Infant Obesity? A Weighty Subject
Over the past few years, there’s been a surge of evidence to suggest that one’s weight and the quality of one’s sleep are potentially linked. A recent study out of Duke University found that adults with irregular sleep schedules were more likely to be obese than their well-rested peers, citing daytime drowsiness as a culprit for lower rates of physical activity.
But research has also demonstrated similar effects with a much younger population: infants. A British study from 2005 examined over 8,000 children from birth and discovered that those who slept less than 10.5 hours a night had a 45 percent higher risk of becoming obese by age 7 than kids who slept more than 12 hours. Another intervention from New Zealand discovered that children who received one hour of less sleep than the recommended amount per night had a 50 percent higher risk of obesity by age 32.
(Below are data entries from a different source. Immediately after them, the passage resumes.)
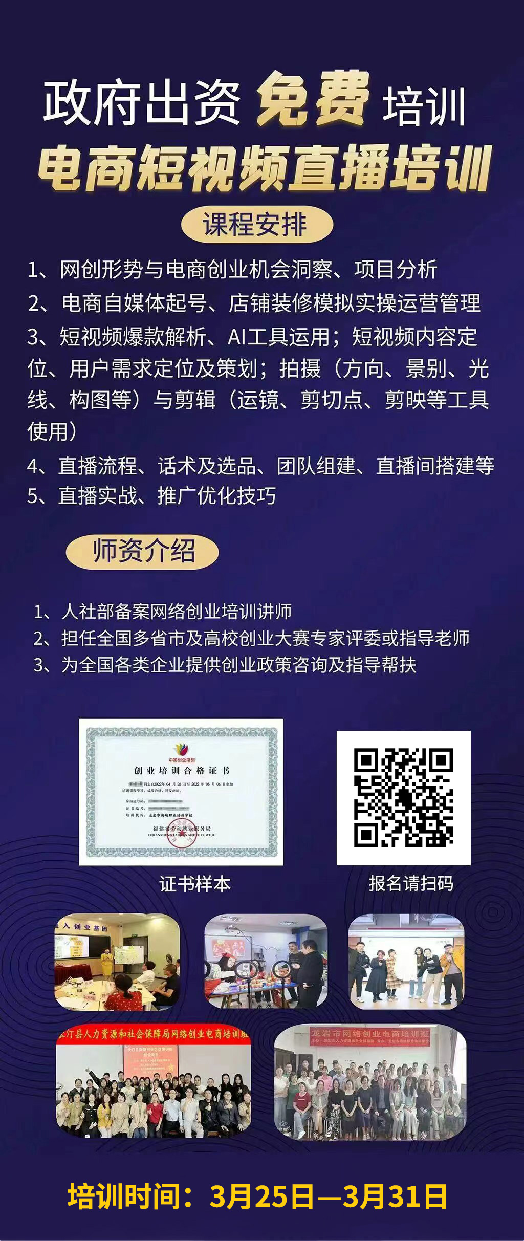 (具體時間以培訓師來巖檔期為準,連續(xù)7天線下面授【非線上】)
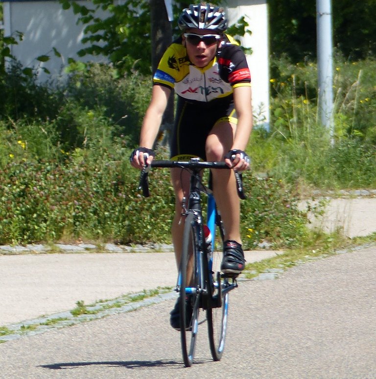 Erik Wetzel (U 17), Maximilian und Jurij Schleip-Ols (Jedermänner) nahmen dort am Kriterium-Rennen über18 Runden a 1,4 km teil. Als die Sonne im Zenit stand, ging es an den Start. Das Thermometer zeigte zu diesem Zeitpunkt ca. 30 Grad im Schatten, doch Schatten gab es auf der gesamten Strecke nicht.
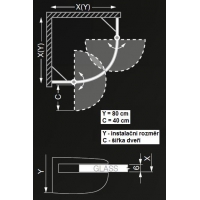 Sprchový kout čtvrtkruhový s dvoukřídlými dveřmi.
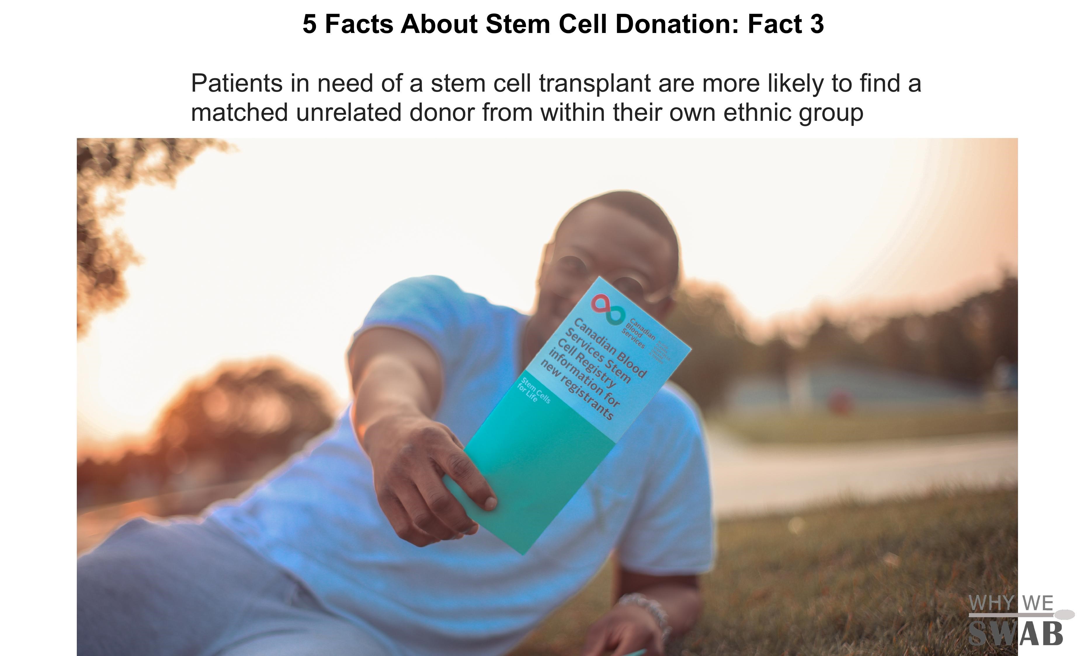 Patients who need a stem cell transplant are more likely to find a suitable donor from someone of the same ethnic background. However, less than 3% of registered donors are Black whereas 70% are Caucasian! This means that Black patients who are in need of a stem cell transplant to save their life are less likely to find a match! This is why it is so important that we recruit more Black donors so that we can have an ethnically diverse registry to help increase the chance that patients are able to find a donor.
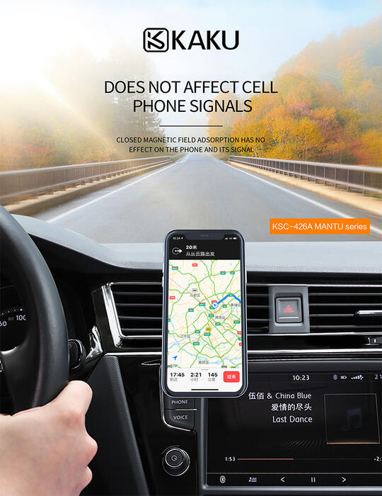 Piestiprināts pie gaisa kanāla režģa. Pateicoties savai konstrukcijai, automašīnas turētāju KAKU KSC-426A var nostiprināt jebkurā ērtā stāvoklī, lai tas darbotos pilnībā. Turētāja kompaktums veicina produkta lietošanas komfortu, jo turētājs ar uzstādīto viedtālruni netraucēs skatu no vadītāja un priekšējā pasažiera sēdekļiem. Piederumu var izmantot viedtālruņu, navigatoru, mobilo tālruņu un cita aprīkojuma uzstādīšanai. Lai salabotu aprīkojumu, tiek izmantots magnētiskais stiprinājums, kas ir uzticams, praktisks un ļoti ērts, jo viedtālruņa noņemšana un pārinstalēšana uz turētāja prasīs minimālu laiku.

“A large body of observational research clearly shows that insufficient sleep is linked to overweight and obesity in children,” Taylor remarks. “Although the actual mechanisms are uncertain, research suggests it is more likely to do with changing what we eat than how much physical activity we do.” Other theories at play could be sleep deprivation increasing our hunger hormones, reducing our metabolic rate, or simply giving us more time in front of the fridge (or with a bottle), Taylor adds.
There’s still more work to be done. The research team plans to study other groups in New Zealand to see if similar initiatives could provide comparable results, while encouraging the creation of more intensive and extended sleep interventions to see if they produce larger or longer-lasting effects.
Until then, this current study sheds light on the importance of our slumber, so much so that good habits might need to start much earlier than we expected — perhaps when we’re in our cribs.